RECORDS SHOWN
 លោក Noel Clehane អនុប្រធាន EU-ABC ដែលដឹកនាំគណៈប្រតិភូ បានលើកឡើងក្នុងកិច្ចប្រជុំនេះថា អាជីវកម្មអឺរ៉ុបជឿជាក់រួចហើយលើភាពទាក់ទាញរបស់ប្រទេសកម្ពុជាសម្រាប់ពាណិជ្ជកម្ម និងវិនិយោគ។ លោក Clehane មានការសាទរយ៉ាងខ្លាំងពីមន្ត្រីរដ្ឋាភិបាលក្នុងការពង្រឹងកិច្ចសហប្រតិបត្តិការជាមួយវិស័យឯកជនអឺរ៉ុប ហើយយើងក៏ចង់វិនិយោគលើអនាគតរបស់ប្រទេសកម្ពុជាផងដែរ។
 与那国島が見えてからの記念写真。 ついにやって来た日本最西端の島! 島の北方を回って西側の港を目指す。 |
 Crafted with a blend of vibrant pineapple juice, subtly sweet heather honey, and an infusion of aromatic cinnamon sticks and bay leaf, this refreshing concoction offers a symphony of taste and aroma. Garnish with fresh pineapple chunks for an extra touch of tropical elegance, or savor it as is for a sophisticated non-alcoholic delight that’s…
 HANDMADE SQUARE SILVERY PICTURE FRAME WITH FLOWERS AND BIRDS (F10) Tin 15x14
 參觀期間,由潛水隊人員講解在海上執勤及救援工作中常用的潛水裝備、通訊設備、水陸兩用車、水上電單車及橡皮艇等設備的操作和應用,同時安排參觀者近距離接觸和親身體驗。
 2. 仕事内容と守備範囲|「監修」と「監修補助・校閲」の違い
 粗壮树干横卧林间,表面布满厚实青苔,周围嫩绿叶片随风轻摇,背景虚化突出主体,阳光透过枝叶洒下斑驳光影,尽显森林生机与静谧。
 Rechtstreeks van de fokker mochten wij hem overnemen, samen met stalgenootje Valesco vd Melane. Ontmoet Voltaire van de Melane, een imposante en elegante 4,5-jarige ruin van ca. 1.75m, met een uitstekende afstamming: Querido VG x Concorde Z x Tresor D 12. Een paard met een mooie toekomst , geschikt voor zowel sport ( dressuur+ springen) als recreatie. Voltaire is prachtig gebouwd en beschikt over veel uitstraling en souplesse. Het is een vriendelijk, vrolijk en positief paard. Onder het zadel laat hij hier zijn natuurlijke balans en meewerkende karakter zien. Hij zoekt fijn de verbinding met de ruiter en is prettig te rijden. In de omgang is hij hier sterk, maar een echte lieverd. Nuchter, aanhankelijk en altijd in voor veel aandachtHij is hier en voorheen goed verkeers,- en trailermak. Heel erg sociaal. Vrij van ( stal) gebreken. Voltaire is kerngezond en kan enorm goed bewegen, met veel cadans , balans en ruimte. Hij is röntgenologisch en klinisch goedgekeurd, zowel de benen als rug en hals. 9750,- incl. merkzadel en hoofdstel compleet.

...

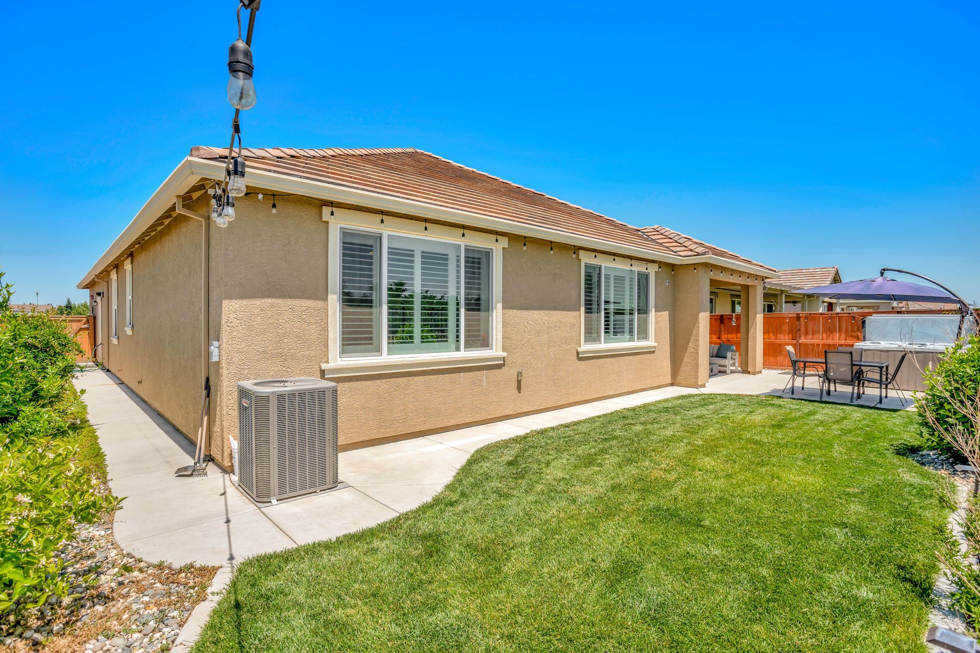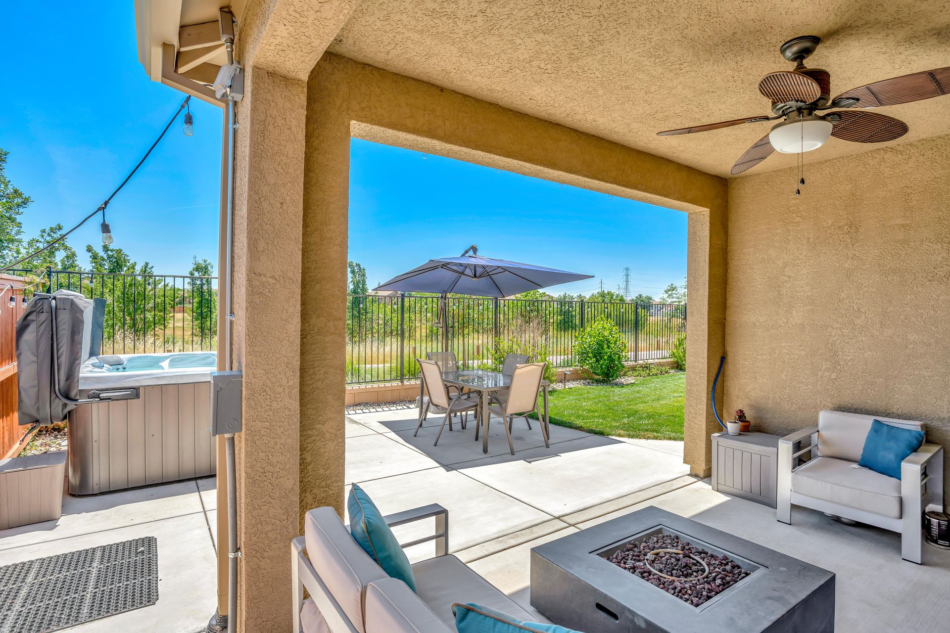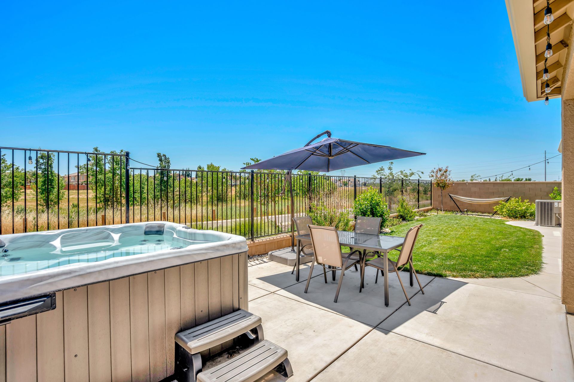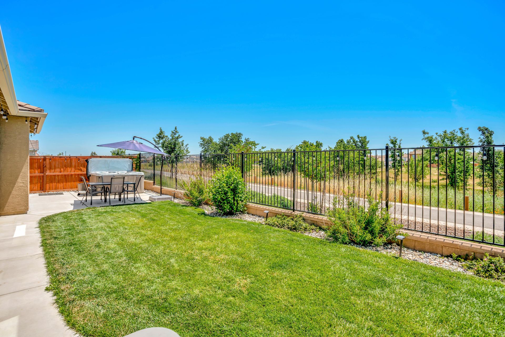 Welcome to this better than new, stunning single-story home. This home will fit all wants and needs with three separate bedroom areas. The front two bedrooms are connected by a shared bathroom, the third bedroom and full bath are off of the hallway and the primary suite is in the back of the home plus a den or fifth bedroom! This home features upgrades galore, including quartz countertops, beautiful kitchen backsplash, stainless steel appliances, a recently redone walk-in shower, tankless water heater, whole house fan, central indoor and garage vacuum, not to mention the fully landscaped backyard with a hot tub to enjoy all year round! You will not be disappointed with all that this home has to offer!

WHAT IS BEING ASKED
Every line above from the line with "លោក Noel Clehane" to the line with "Crafted with a" is wanted, ends included; write them out exactly and add no other line.

RESULT BELOW
 លោក Noel Clehane អនុប្រធាន EU-ABC ដែលដឹកនាំគណៈប្រតិភូ បានលើកឡើងក្នុងកិច្ចប្រជុំនេះថា អាជីវកម្មអឺរ៉ុបជឿជាក់រួចហើយលើភាពទាក់ទាញរបស់ប្រទេសកម្ពុជាសម្រាប់ពាណិជ្ជកម្ម និងវិនិយោគ។ លោក Clehane មានការសាទរយ៉ាងខ្លាំងពីមន្ត្រីរដ្ឋាភិបាលក្នុងការពង្រឹងកិច្ចសហប្រតិបត្តិការជាមួយវិស័យឯកជនអឺរ៉ុប ហើយយើងក៏ចង់វិនិយោគលើអនាគតរបស់ប្រទេសកម្ពុជាផងដែរ។
 与那国島が見えてからの記念写真。 ついにやって来た日本最西端の島! 島の北方を回って西側の港を目指す。 |
 Crafted with a blend of vibrant pineapple juice, subtly sweet heather honey, and an infusion of aromatic cinnamon sticks and bay leaf, this refreshing concoction offers a symphony of taste and aroma. Garnish with fresh pineapple chunks for an extra touch of tropical elegance, or savor it as is for a sophisticated non-alcoholic delight that’s…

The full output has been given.